Modeling disorder in amorphous silica with embedded clusters: The peroxy bridge defect center

We use quantum-mechanical modeling to study the effect of local and long-range disorder on the incorporation energy, optical, IR, and XPS spectra of a peroxy linkage defect in amorphous silica (a-SiO2). We discuss the methods to simulate amorphous structures and investigate to which extent cluster models are applicable to study a-SiO2. For this purpose we compare the results of the periodic DFT calculations of the possible peroxy linkages formed on incorporating an oxygen atom in the amorphous super-cell with the results obtained using molecular and embedded cluster models. We use simple molecular clusters terminated by H atoms and larger clusters treated using the ONIOM technique, in which the distortion of the amorphous structure surrounding the defect is accounted for in a region of approximately 15 Angstrom. The results demonstrate the importance of the local and medium-range disorder around the defect, such as the peroxy center, which induces relaxation in an area of the amorphous structure extending beyond the first and second neighbors.

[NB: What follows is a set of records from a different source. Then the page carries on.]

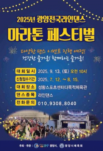 강영화 체육과장은 “이번 페스티벌이 라인댄스의 올바른 이해와 확산에 기여하길 바란다”며 “시민들이 몸과 마음을 건강하게 하고 삶의 질을 높이는 계기가 되기를 기대한다”고 말했다.
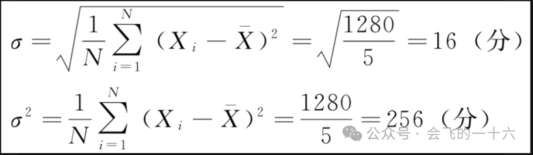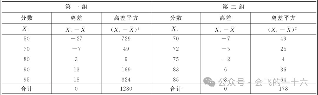 计算结果说明,虽然两组同学平均考试成绩均为77分,但第二组的标准差(6分)和方差(35.6分)小于第一组的标准差(16分)和方差(256分),所以第一组平均数的代表性小于第二组。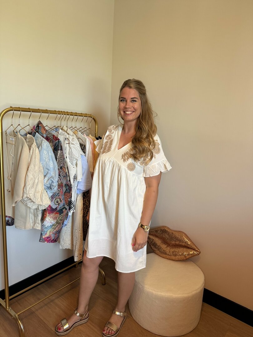 En heb je de mooie beige borduursels al gezien op de jurk?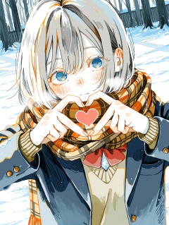 1girl,   grey hair,  short hair,   hair between eyes,   tiny breasts, pale skin,   BREAK 1girl,  heart hands, kuji-in, Head on chest,           BREAK    winter uniform, school uniform, blazer, plaid scarf,  Snow, Winter, Icy Mountais, ravine, (winter clothes, thick clothes),        BREAK (watanabe tomari:1.05), (fjsmu:0.7), (watari \(nijimukiokuiro\):0.85), ,masterpiece,best quality,

The geometric structures and the distribution of incorporation energies of such a defect cannot be adequately described in a simple molecular cluster model. On the other hand, optical transitions localized on the -O-O- bridge itself are not strongly affected by disorder. Our results indicate that the embedded cluster approaches, such as ONIOM, can provide a useful alternative to fully ab initio periodic calculations of geometrical structures and incorporation energies of point defects in silica.